# Task objective:
From the listing below, give again exactly the lines from the line with "listen), German for" to the line with "1、L型機(jī)芯結(ji", ends included, without any pictures.

** Opening Data extracts block **

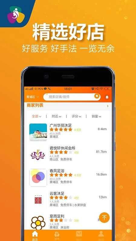 为用户呈现周边足浴场所,用户定位自身位置后即可查看。
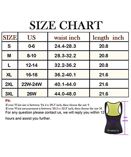 -. Feature : ♦Users♦: All lady who pursuit beauty sexy body slimming for all party such as Christmas which include women require Postpartum Rebuilding, fitness enthusiast. Which causes you to have better posture and engage your muscles when you are / ♦Promotes Body Heat♦: The Neoprene Slimming Sauna Shapewear Vest intensifies perspiration in your core more than regular gym-clothing during exercise; Anywhere that cover with this vest will sweat like you are in a sauna and theoretically sweating means burning fat / ♦Bullet Point♦: No zipper design easy to wear. It's special material-Neoprene makes you sweat like there is no tomorrow, increases body temperature and soaks it all up and you will feel dry the entire time / ♦Fabric & Material♦: neoprene comfortable, lightweight stretchy fabric garment. This Fat Burner Tank Top Vest Shirt have some material smell, it's pretty normal and would be gone after a few time washes. It is long enough to cover that bothersome pooch / (S) Size: Waist 24.5-28.5 Inch; (M) Size: Waist 28.5-32 Inch; (L) Size : Waist 32-36 Inch; (XL) Size : Waist 36-40 Inch; (2XL) Size :Waist 40-44 Inch; (3XL) Size :Waist 44-48 Inch
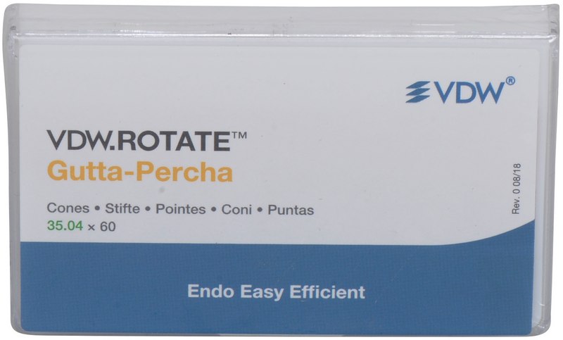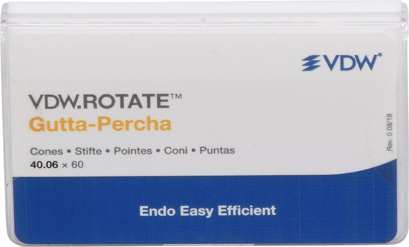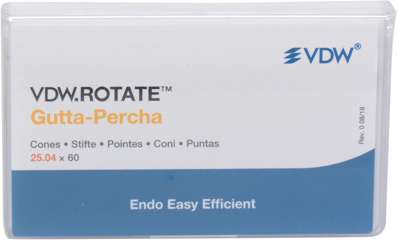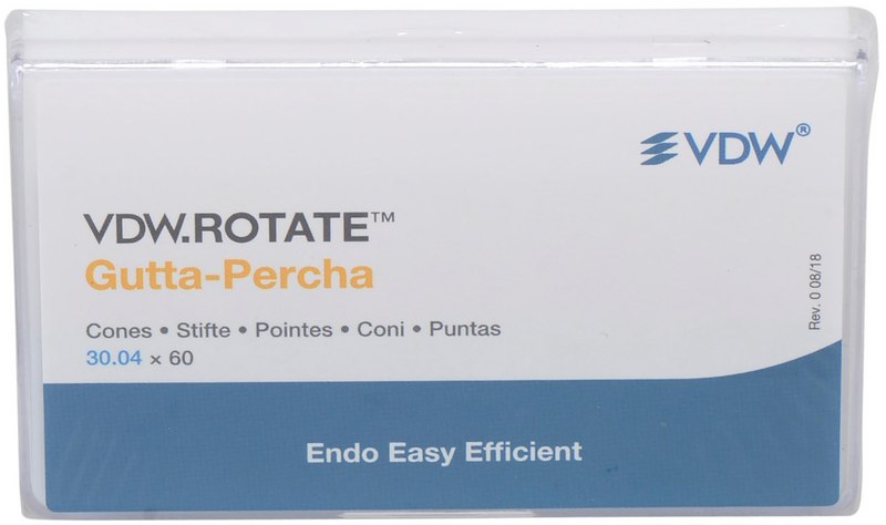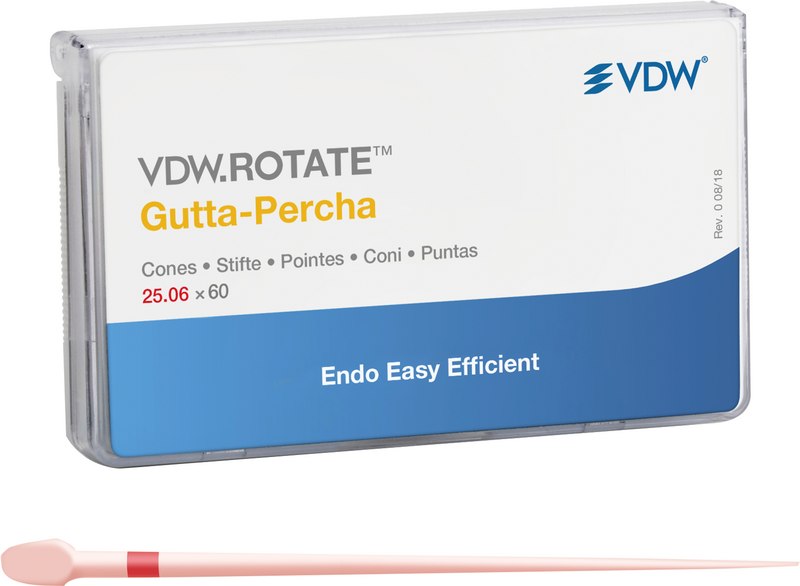 Ergänzend zu den VDW.ROTATE™ Feilen bieten wir ein komplettes Produktsortiment von der Aufbereitung bis zur Obturation an. Guttapercha ist in Taper .04 und .06 in verschiedenen ISO-Größen erhältlich.
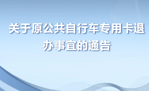 因原老舊公共自行車租車專用卡(含部分劃轉(zhuǎn)市民卡)已不再具備使用功能,我公司自2021年啟動退卡服務(wù),目前仍有部分卡未完成清退,為切實(shí)保障持卡人合法權(quán)益,現(xiàn)就退辦相關(guān)事宜再次通告如下:
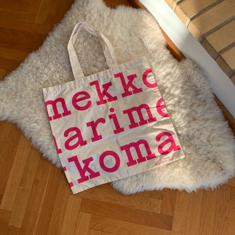 Marimekko kangaskassi. Uusi ja käyttämätön. Materiaalina kangas, jossa toistuva Marimekko-logo- ja tekstiprintti. Kassissa on kaksi kantokahvaa olalla tai kädessä kantamiseen. Soveltuu arjen ostoksille, tavaroiden kuljettamiseen ja yleiskäyttöiseksi kangaskassiksi.
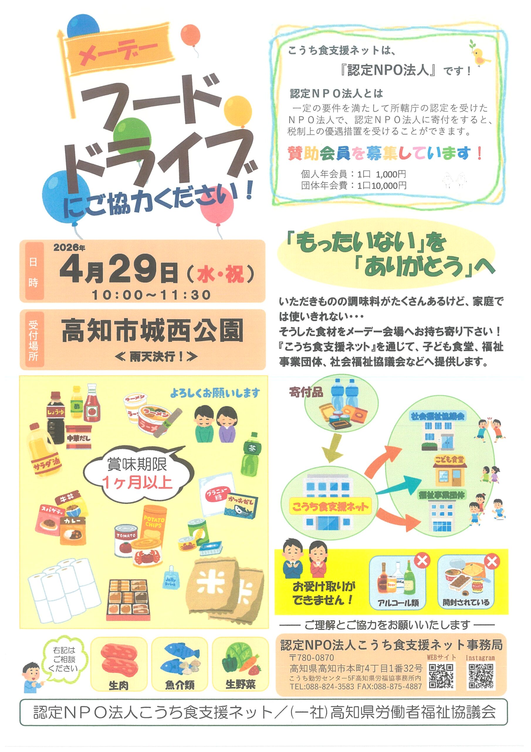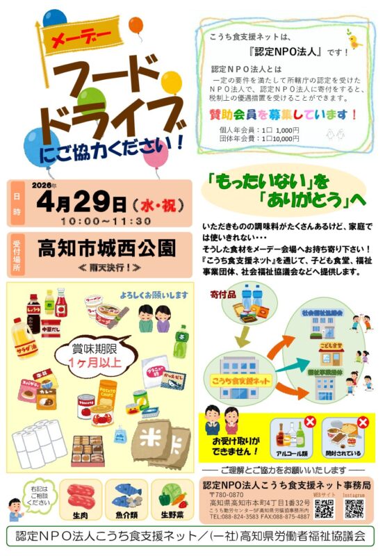 第97回メーデー高知県中央大会 2026年3月30日 日時 2026年 4月29日(水・祝) 午前10時開会 場所 高知市「城西公園」 * 雨天決行 * フードドライブも実施します!! * お子様にはお菓子のプレゼント!!
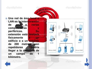 El documento describe conceptos fundamentales de redes de área local (LAN), incluyendo su definición, extensión física y el papel de los routers en la conectividad. También se menciona el ancho de banda como una medida de la capacidad de comunicación, así como la función de los cables transoceánicos para conectar países. Además, se presenta el sistema www como un medio para distribuir documentos interconectados a través de Internet.
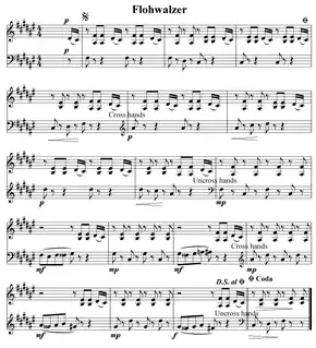 listen), German for "Flea Waltz") is a simple piano piece, often one of the first learned because its fingering is simple and it allows beginners to perform a piece that is harmonically and rhythmically pleasing.
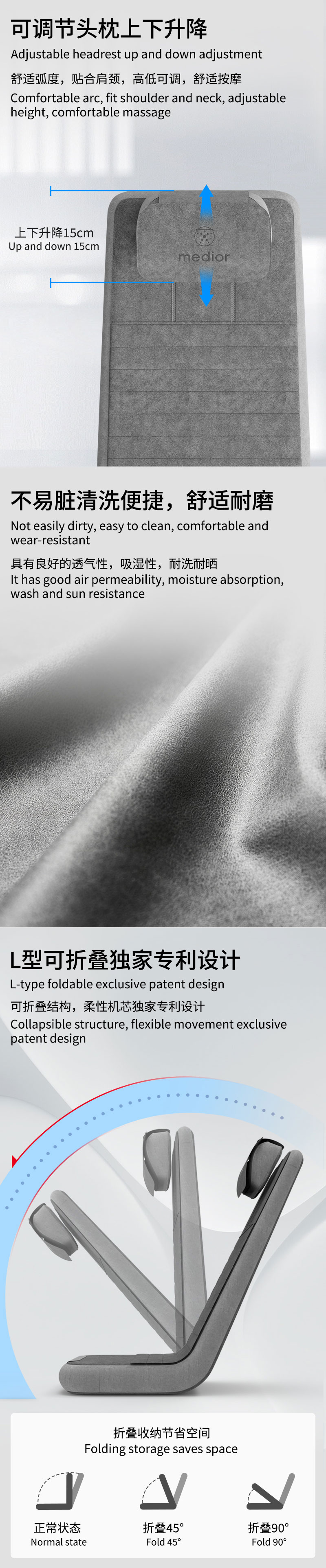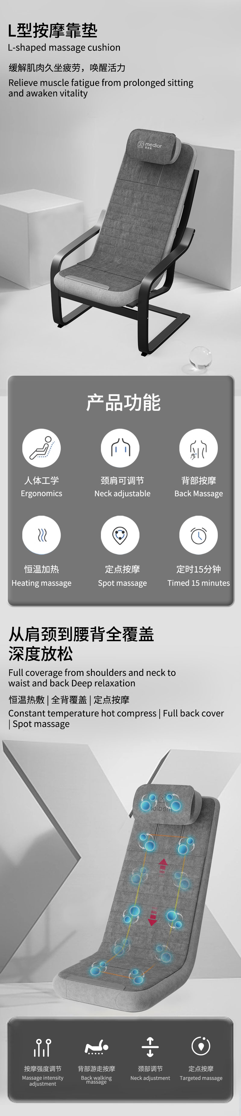 1、L型機(jī)芯結(jié)構(gòu),對(duì)折包裝縮小體積2、獨(dú)家專利柔性機(jī)芯3、力度三檔調(diào)節(jié),頸部揉捏,定點(diǎn)按摩,腰背按摩、臀腿按摩、全背按摩模式選擇4、頸部背部行走揉捏,按摩區(qū)域加長到從肩膀到大腿;5、更加貼合不同款式的椅子整體可對(duì)折收納6、亞馬遜標(biāo)準(zhǔn)包裝尺寸
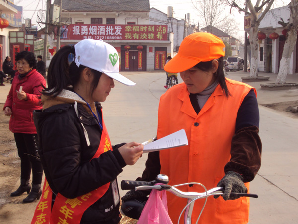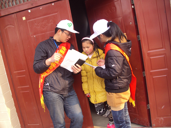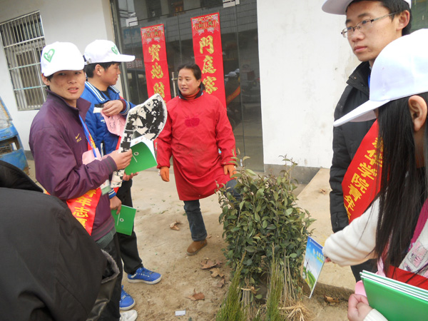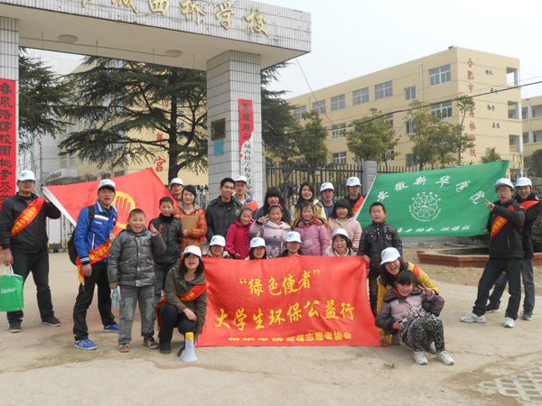合肥市高新区城西桥村的街上除了往日的村民,还多了十几个头带白色的帽子,肩批红色绶带的一群大学生,他们就是beat365官网青年志愿者协会环保社的成员。10 日早上,志愿者们在学校图书馆门前集合,由是多是第一次走进农村,他们都显得很兴奋和斗志昂扬。“昨晚我兴奋的一夜没睡!”同行的唐雪花等几个女生笑着说。志愿者为此次活动的准备从开始策划、制作调查表、准备教案等,忙碌却兴奋。负责人洪娜特地通知每个人自带水杯,绿色环保从自己做起。

** Closing Data extracts block **

# Solution below:
 listen), German for "Flea Waltz") is a simple piano piece, often one of the first learned because its fingering is simple and it allows beginners to perform a piece that is harmonically and rhythmically pleasing.
 1、L型機(jī)芯結(jié)構(gòu),對(duì)折包裝縮小體積2、獨(dú)家專利柔性機(jī)芯3、力度三檔調(diào)節(jié),頸部揉捏,定點(diǎn)按摩,腰背按摩、臀腿按摩、全背按摩模式選擇4、頸部背部行走揉捏,按摩區(qū)域加長到從肩膀到大腿;5、更加貼合不同款式的椅子整體可對(duì)折收納6、亞馬遜標(biāo)準(zhǔn)包裝尺寸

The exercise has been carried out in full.